--- START ---
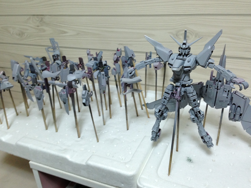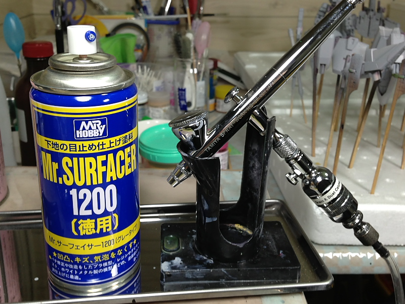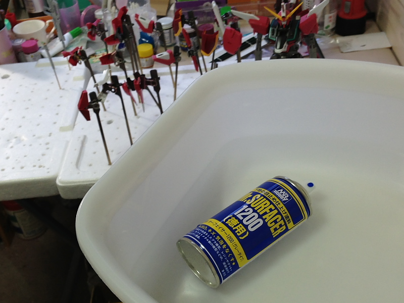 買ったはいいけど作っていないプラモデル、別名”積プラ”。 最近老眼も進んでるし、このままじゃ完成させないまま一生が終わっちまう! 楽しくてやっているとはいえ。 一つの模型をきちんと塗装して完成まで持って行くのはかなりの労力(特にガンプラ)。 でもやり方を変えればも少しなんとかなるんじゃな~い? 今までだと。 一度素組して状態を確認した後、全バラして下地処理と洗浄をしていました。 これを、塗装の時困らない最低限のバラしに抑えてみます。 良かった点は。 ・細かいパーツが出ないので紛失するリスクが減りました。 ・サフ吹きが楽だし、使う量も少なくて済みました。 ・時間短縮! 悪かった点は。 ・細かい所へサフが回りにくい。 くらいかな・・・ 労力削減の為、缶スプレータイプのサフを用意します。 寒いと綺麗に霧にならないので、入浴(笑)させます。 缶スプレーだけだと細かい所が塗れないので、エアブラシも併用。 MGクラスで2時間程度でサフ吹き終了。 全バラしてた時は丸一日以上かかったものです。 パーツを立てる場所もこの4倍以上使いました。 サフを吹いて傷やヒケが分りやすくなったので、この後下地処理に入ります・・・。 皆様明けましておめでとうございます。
--- END ---
--- START ---
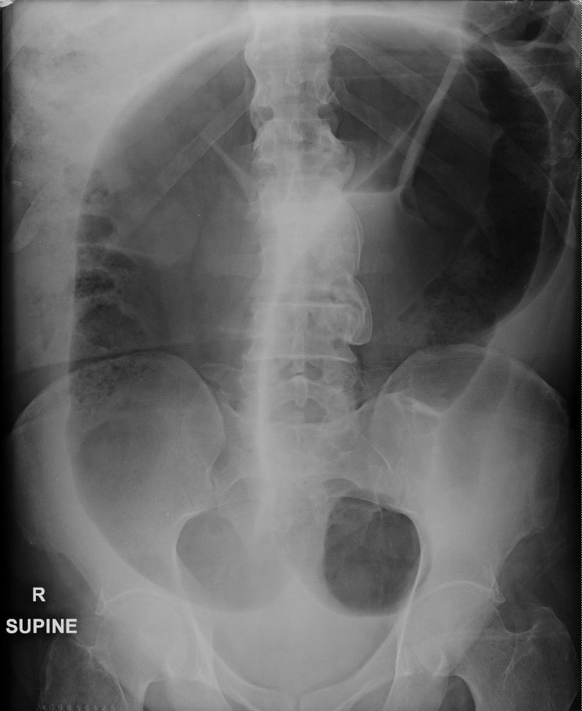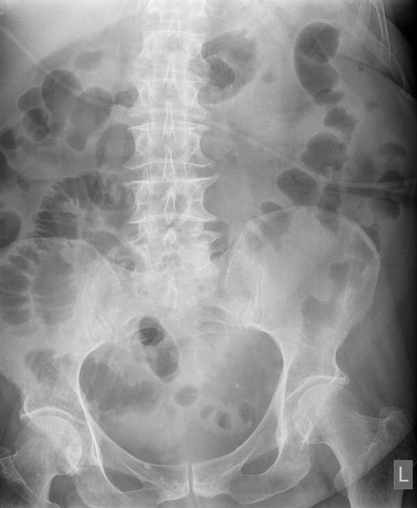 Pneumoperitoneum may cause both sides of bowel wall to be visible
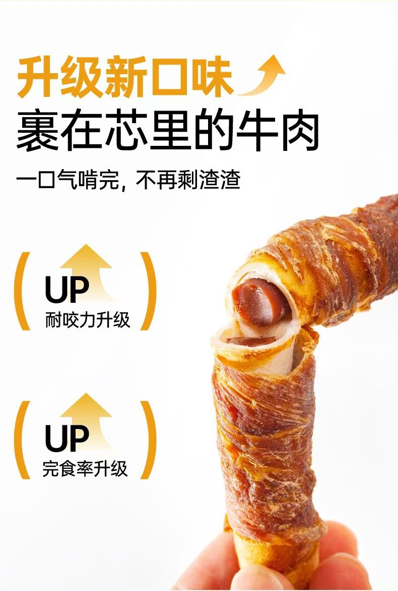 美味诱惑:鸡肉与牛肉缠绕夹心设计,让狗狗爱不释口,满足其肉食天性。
--- END ---
Copy word for word only the lines above from the one with "Pneumoperitoneum may cause" through the one with "美味诱惑:鸡肉与牛肉缠绕夹心设计,让狗狗爱不释口,满足其肉食天性。". Leave pictures out.

 Pneumoperitoneum may cause both sides of bowel wall to be visible
 美味诱惑:鸡肉与牛肉缠绕夹心设计,让狗狗爱不释口,满足其肉食天性。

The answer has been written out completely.